The three losses above have different scales. If one dominates, weight them
explicitly by scaling your loss function return values:

```python
def cmb_stat_loss(x, scat_op, args):
    ref, weight = args
    s_cmb = x[npix:]
    stat = scat_op.eval(s_cmb)
    return weight * stat.reduce_mean_batch((stat - ref) ** 2)

loss_cmb = Loss(cmb_stat_loss, scat_op, cmb_stat, 0.5)  # weight = 0.5
```

A good heuristic: at the first iteration, print each loss component separately
and set weights so they are all $O(1)$.

---

## Gradient masking for partial-sky separation

When the observation covers only part of the sky, freeze pixels outside the
survey footprint and only update the internal region:

```python
grd_mask = survey_mask.astype(np.float64)
grd_mask_full = np.tile(grd_mask, 2)   # one mask per component

result = solver.run(x0, NUM_EPOCHS=500, grd_mask=grd_mask_full)
```

---

## Practical notes

- **Reference quality.** The quality of separation depends critically on the
  reference statistics $\Phi_i^\text{ref}$. Averaging over an ensemble of
  simulations gives better priors than a single reference map.

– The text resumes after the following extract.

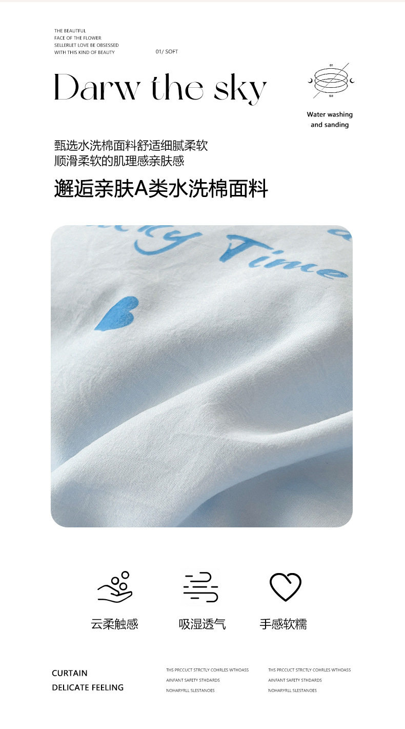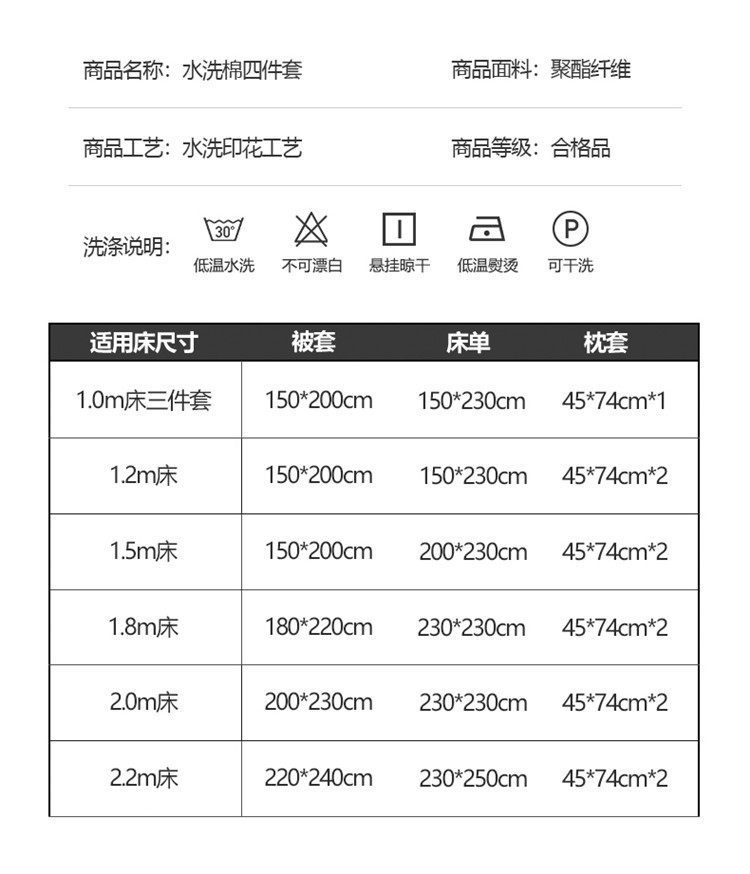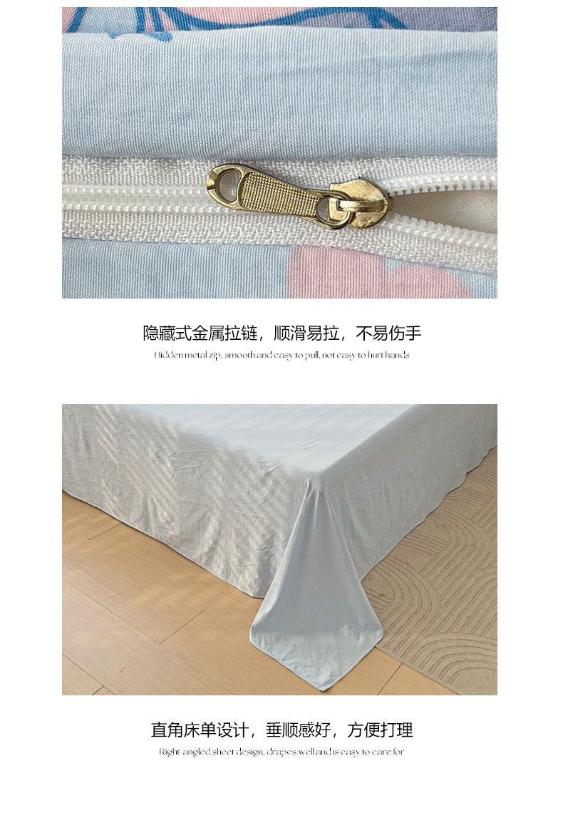 | Dimensions | 1.2m bed sheet three-piece set [quilt cover 150*200cm],1.5m bed sheet four-piece set [quilt cover 150*200cm],1.8m bed sheet four-piece set [180*220cm],2.0m bed sheet four-piece set [quilt cover 200*230cm],2.2m bed sheet four-piece set [quilt cover 220*240cm] |

- **Amplitude ambiguity.** Scattering statistics are not amplitude-preserving by
  default. If the amplitude ratio between components matters, add a power-spectrum
  constraint (e.g. via `healpy.anafast`) as an additional loss term.

- **Number of iterations.** Component separation typically needs more iterations
  than simple synthesis (500–1000 epochs). The loss may decrease slowly if the
  two components are morphologically similar.

- **Initialisation.** Initialising with the observed mixture for the first
  component and zeros for the second often converges faster than random noise.